Research

We apply a broad range of molecular biology, structural biology, and bio-imaging methods in our research. Cryogenic transmission electron microscopy (cryo-EM) is a versatile method for structural studies of small proteins, large complexes, viruses, and even organelles or sections of cells. Determining the detailed structures of different cellular components contributes to understanding of their basic functions and how these functions are impaired in disease.

Here you can find more about our current research projects. Please feel free to come and talk to us about potential collaborations. We are also constantly considering new members to join our growing team. 

Endogenous levels of protein expression are often too low for traditional structural methods. We focus on the development of methods that allow both endogenous tagging of target complexes as well as specific capture of tagged target proteins directly on cryo electron microscopy grids. These methods facilitate structure determination without overexpression and enable characterisation of rare and fragile complexes directly from native sources.

This project is funded by the Academy of Finland consortium grant (SEMMA) and is a collaboration with Aalto University. 

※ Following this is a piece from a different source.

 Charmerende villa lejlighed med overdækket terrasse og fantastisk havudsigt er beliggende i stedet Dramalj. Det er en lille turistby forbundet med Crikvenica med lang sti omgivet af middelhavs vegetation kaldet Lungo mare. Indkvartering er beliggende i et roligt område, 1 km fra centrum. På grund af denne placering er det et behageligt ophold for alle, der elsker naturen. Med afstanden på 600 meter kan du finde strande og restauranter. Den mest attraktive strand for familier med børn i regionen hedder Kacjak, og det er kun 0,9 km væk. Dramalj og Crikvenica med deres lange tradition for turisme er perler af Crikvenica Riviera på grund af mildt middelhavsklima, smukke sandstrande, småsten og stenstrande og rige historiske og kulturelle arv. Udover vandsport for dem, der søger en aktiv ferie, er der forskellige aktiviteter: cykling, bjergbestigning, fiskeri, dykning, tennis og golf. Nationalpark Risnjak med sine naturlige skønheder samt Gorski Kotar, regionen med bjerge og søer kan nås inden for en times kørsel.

Membrane trafficking involves several processes mediating the transport of cargo within cellular vesicles. This transport can take place between different organelles including the endoplasmic reticulum (ER), the Golgi complex, endosomes, lysosomes, and autophagosomes in the same cell, or across the cell membrane to the adjacent cells. Our research aims at addressing key molecular mechanisms in vesicular transport by cryogenic electron microscopy (cryo-EM) to determine how cargo can be transported within different vesicles among different organelles, how the vesicles are formed and regulated, and how mutations affect these mechanisms.

The project (CellCargo) is funded by Jane and Aatos Erkko Foundation.

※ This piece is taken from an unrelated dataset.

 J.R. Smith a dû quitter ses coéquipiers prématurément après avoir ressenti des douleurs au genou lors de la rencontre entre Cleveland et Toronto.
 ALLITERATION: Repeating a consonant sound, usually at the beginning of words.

Computational cryo-EM methods are best suited for solving  structures of macromolecular complexes that have high-symmetry and regular structures. We develop new tools to address structures with inherent flexibility and mismatches in symmetry. Such structures include many key cellular components as well as viruses and virus–receptor and virus–antibody complexes. 

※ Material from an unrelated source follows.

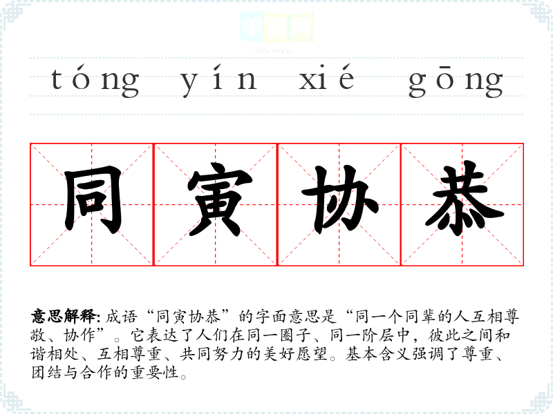 成语“同寅协恭”的字面意思是“同一个同辈的人互相尊敬、协作”。它表达了人们在同一圈子、同一阶层中,彼此之间和谐相处、互相尊重、共同努力的美好愿望。基本含义强调了尊重、团结与合作的重要性。

We are taking advantage of CRISPR genome editing to tag endogenous proteins and especially membrane proteins for purification and detection. We are applying (correlative) light microscopy and cryogenic electron microscopy (both single particle and and tomography) to decipher in situ structural organizations of these proteins on the plasma membrane and further to gain mechanistic insight into the underlying molecular mechanism of inter-cellular transport.

The project is funded by Sigrid Juselius Foundation.